- Music
- 16 Dec 19
53 years ago today, Jimi Hendrix released his first single with the Jimi Hendrix Experience, 'Hey Joe', on Polydor. To celebrate, we're revisiting Jackie Hayden's reflections on the legacy of Noel Redding: the band's bass player and "one of Ireland's adopted sons".
The death of Noel Redding last week has robbed the rock world of the second third of incendiary ’60s heroes The Jimi Hendrix Experience and one of Ireland’s adopted sons.
Originally from Kent, Redding lived for the last few decades in a country house outside Clonakilty with his mother Margaret who predeceased him by just a few weeks. They were both extremely popular in the area and Noel was a regular performer in De Barra’s pub in the town.
When I stayed with him a few times during visits to the Clonakilty area I was overwhelmed by the warmth and generosity of this quietly spoken man and felt privileged to be allowed view his lovingly-cared-for collection of Hendrix memorabilia. But I was simultaneously depressed by the comparative dilapidation of a once great house and the penury in which Noel told me he regularly lived. He went so far as to admit that he and the love of his life Carol Appleby, who died in 1990 in a car crash in County Cork, had at times been reduced to bartering apples for potatoes, and cleaned windows and chopped logs in order to earn the essential shillings.

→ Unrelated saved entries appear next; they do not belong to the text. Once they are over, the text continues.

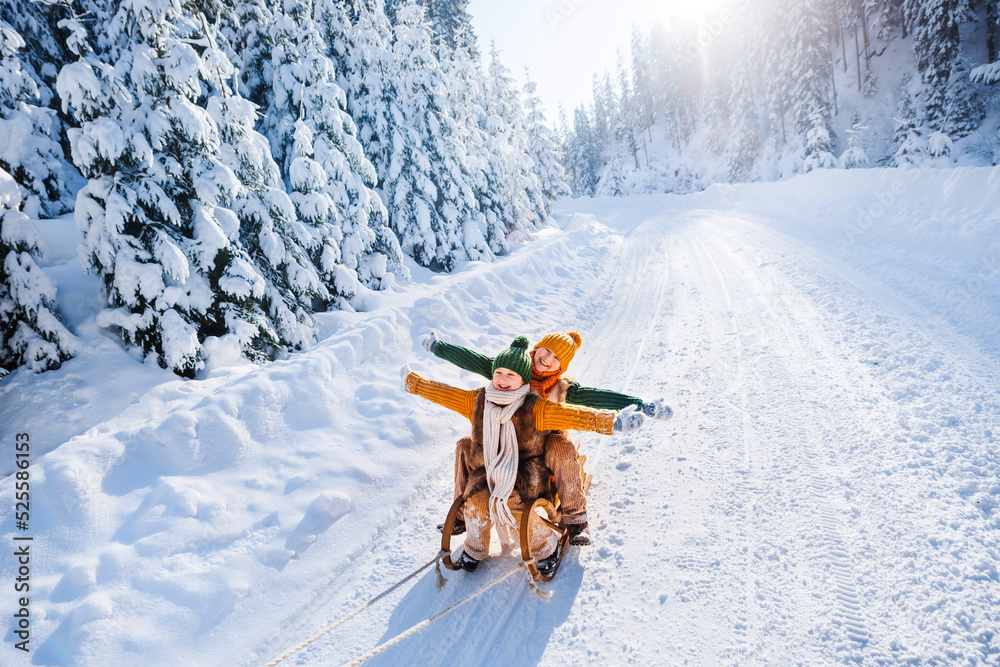 Happy funny children ride wooden retro sleds on snowy road in mountains. Family on winter walk.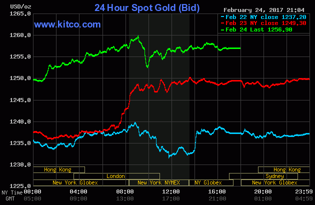 Chốt phiên giao dịch cuối tuần (Thứ Sáu ngày 24/2/2017), giá vàng giao tháng Tư trên sàn Comex tại Sở Giao dịch New York Mercantile tăng $6,90 (+0,6%) lên chốt tại $1.258,30/oz – tiếp tục bồi đỉnh kể từ ngày 10/11, căn cứ theo dữ liệu của FactSet. Tính chung cả tuần, giá vàng đã tăng 1,6%, đánh dấu tuần thăng hoa thứ 4 liên tiếp.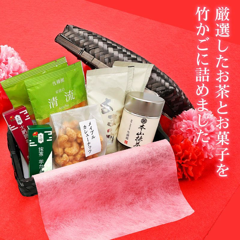 静岡でもとくに良質なお茶が育つ茶産地「本山茶」を使用した高級抹茶と甘酒スイーツをセット。ティータイムを彩るドリンクと、お茶請けにぴったりのお菓子をぎっしり詰め込みました。竹籠を開けた瞬間、思わず笑顔になること間違いなしのギフトセットです。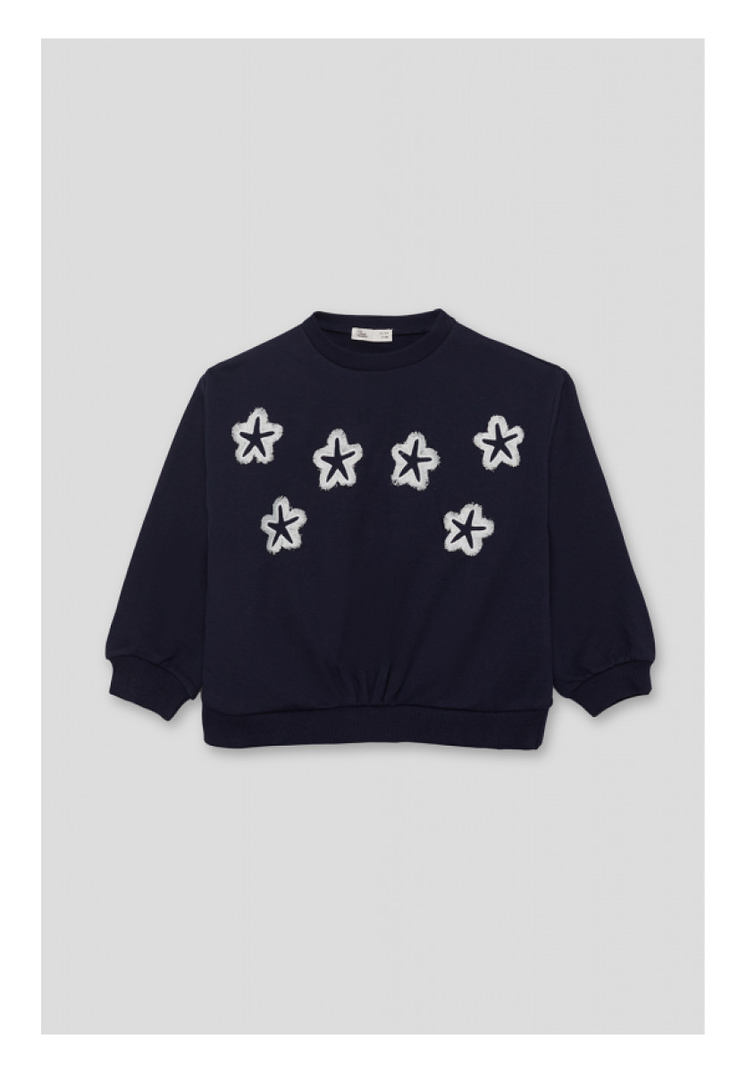 Sudadera de felpa en color marino con cuello redondo y bajo ligeramente fruncido. Luce bordado de estrellas de mar en el delantero, con textura en contraste. Los puños elásticos y el tejido confortable la convierten en una opción ideal para el día a día con un toque divertido.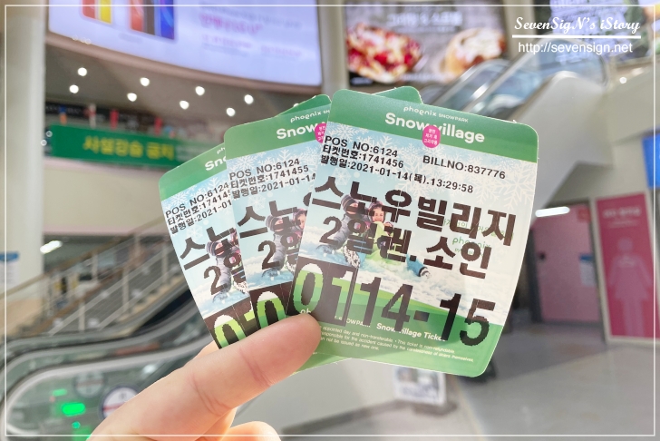 스노우 빌리지 입구인데요, 들어가서 오른쪽에 보면 티켓을 받는 직원분들이 있습니다.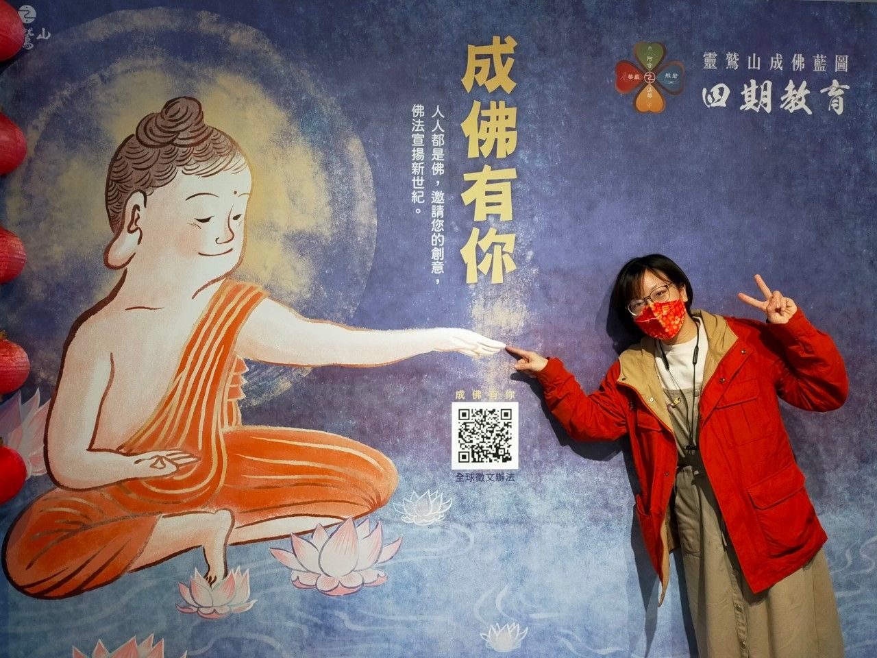 成佛有你,到靈鷲山與佛心手相連!文化走廊前,網路插畫家貓魚參考米開朗基羅「創造亞當」世界名畫,創作260公分的「成佛有你」巨幅海報牆,相當吸晴,佛陀與小嬰兒指尖互碰的設計,象徵每個人與天俱來的佛性與覺性,大家在海報牆前擺出各種姿勢拍照,請佛摸頭加持或一指相連,完成屬於自己的世紀名畫,壬寅虎年開春至今,成了人氣旺旺新景點,二二八連假歡迎上山與佛有約。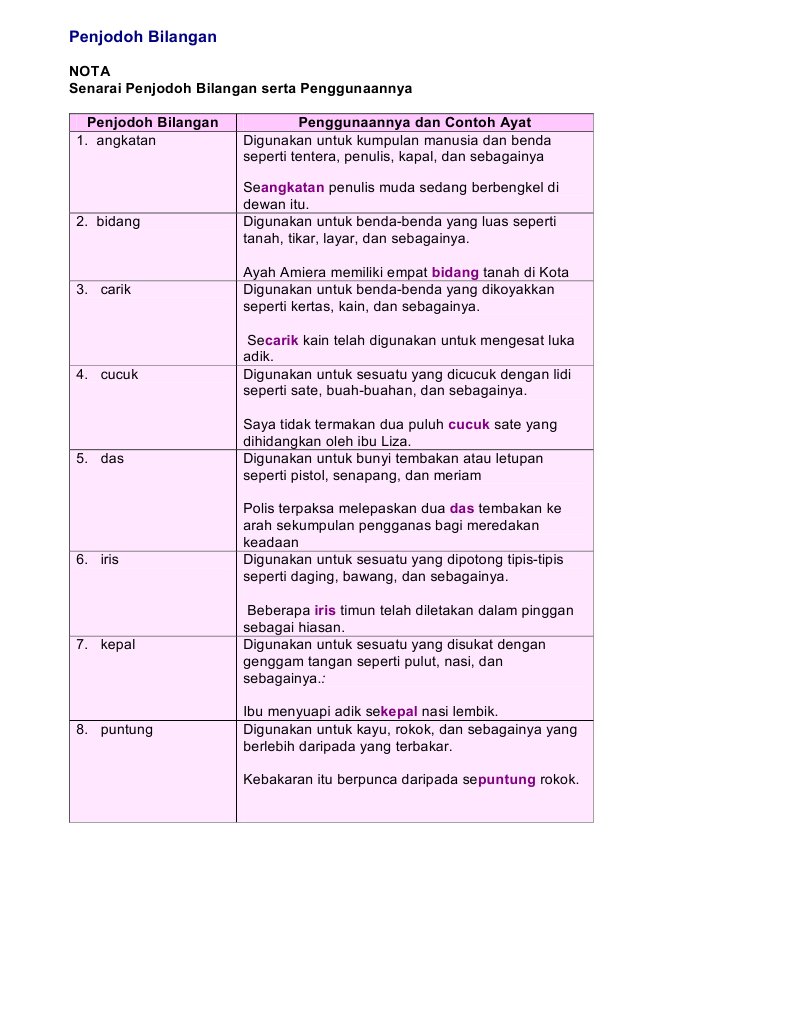 Penjodoh Bilangan 1 Doc Penjodoh Bilangan 1 Penjodoh Bilangan Ialah Kata Yang Digunakan Bersama Sama Dengan Kata Bilangan Untuk Merujuk Kepada Kata Course Hero

Bands he played in often gigged around Munster for as little as 15 quid a night under various names, including Tonite and Secret Freaks. It was a mighty long way from the acclaim and adulation of the love generation.
For despite the Hendrix Experience becoming one of the most popular and biggest revenue-generating bands of the ’60s, Noel’s career was dogged by his attempts to get hold of the vast sums of money he believed he was owed by various record, publishing, management and production companies, a situation no doubt acerbated by the purple haze that befogged most musicians in those days.
After quitting the Hendrix line-up he formed his own band Fat Mattress, but sales eluded their two albums, and he fared little better in later life with the Noel Redding Band and other combos. It was almost as if the story that he had originally been selected by Hendrix because of his trademark Afro hairdo and granny glasses prevented him being taken seriously as a musician in his own right.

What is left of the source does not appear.